Personal information
- Date of birth: 17 January 2000 (age 26)
- Place of birth: Zwolle, Netherlands
- Height: 1.75 m (5 ft 9 in)
- Position: Forward

Team information
- Current team: RKC Waalwijk
- Number: 17

Youth career
- 2008–2019: FC Den Bosch

Senior career*
- Years: Team / Apps / (Gls)
- 2019–2021: Vitesse / 0 / (0)
- 2021: → FC Den Bosch (loan) / 13 / (2)
- 2021: FC Den Bosch / 17 / (9)
- 2021–2023: RKC Waalwijk / 28 / (2)
- 2023–2025: NAC Breda / 37 / (3)
- 2025–: RKC Waalwijk / 22 / (3)

= Roy Kuijpers =

Dutch footballer (born 2000)

Roy Kuijpers (born 17 January 2000) is a Dutch professional footballer who plays as a forward for club RKC Waalwijk.

==Early life==
Kuijpers was born in Zwolle, where his father ran a company, but the family returned to Brabant at a young age, settling in Son en Breugel.

==Career==
A youth product of FC Den Bosch, Kuijpers signed with Vitesse in 2019. He returned to Den Bosch on loan on 2 January 2021. He made his professional debut with FC Den Bosch in a 2–1 Eerste Divisie win over Jong AZ on 11 January 2021.
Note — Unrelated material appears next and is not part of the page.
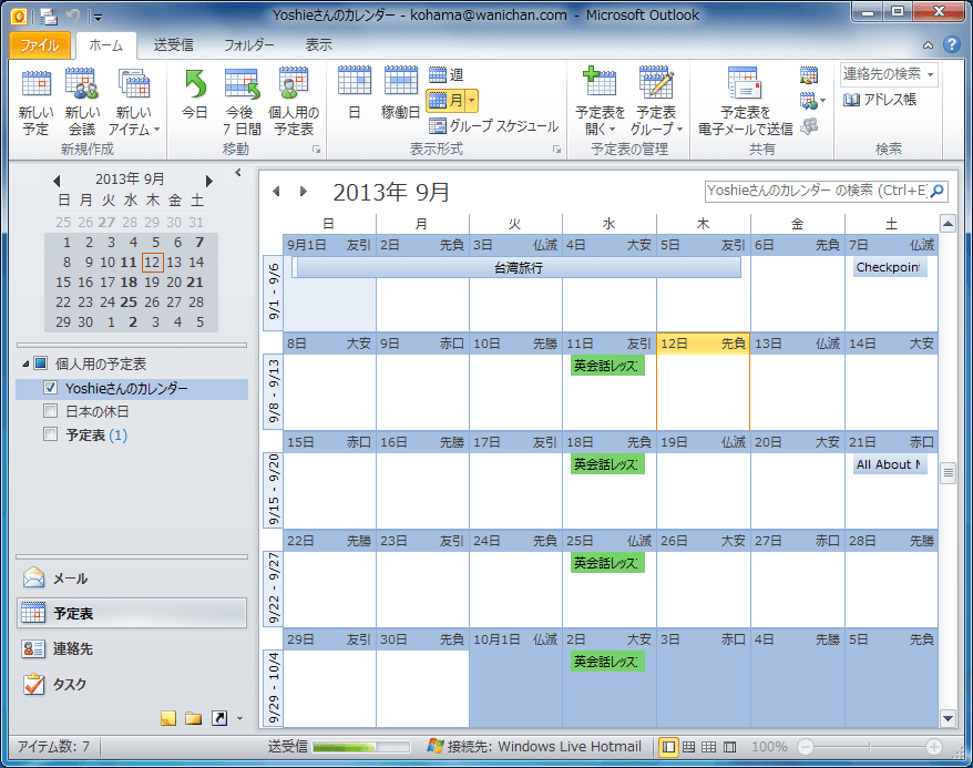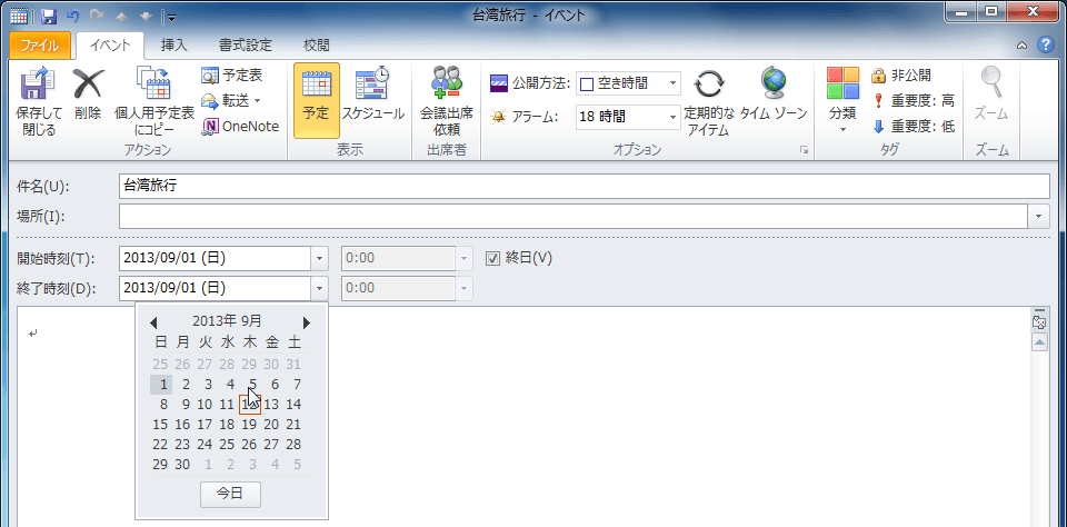 たとえば、9月1日から5日まで台湾旅行の予定がある場合、終日のチェックを付けて、開始時刻ボックスの日付に9月1日、終了時刻の日付に9月5日を指定します。

In the summer of 2021, Kuijpers began playing for FC Den Bosch on an amateur contract. He scored nine goals in 17 league games during the first half of the 2021–22 season. The club offered him a professional deal twice, but on 3 December 2021 it was announced that Kuijpers signed with Eredivisie club RKC Waalwijk on a contract until July 2025. He made his debut on 5 December, coming on as a substitute in the second half before scoring the 2–1 winner in injury time against NEC, after an assist by Finn Stokkers.

On 15 August 2023, Kuijpers signed a two-year contract with NAC Breda.

On 7 July 2025, Kuijpers returned to RKC Waalwijk on a two-season deal.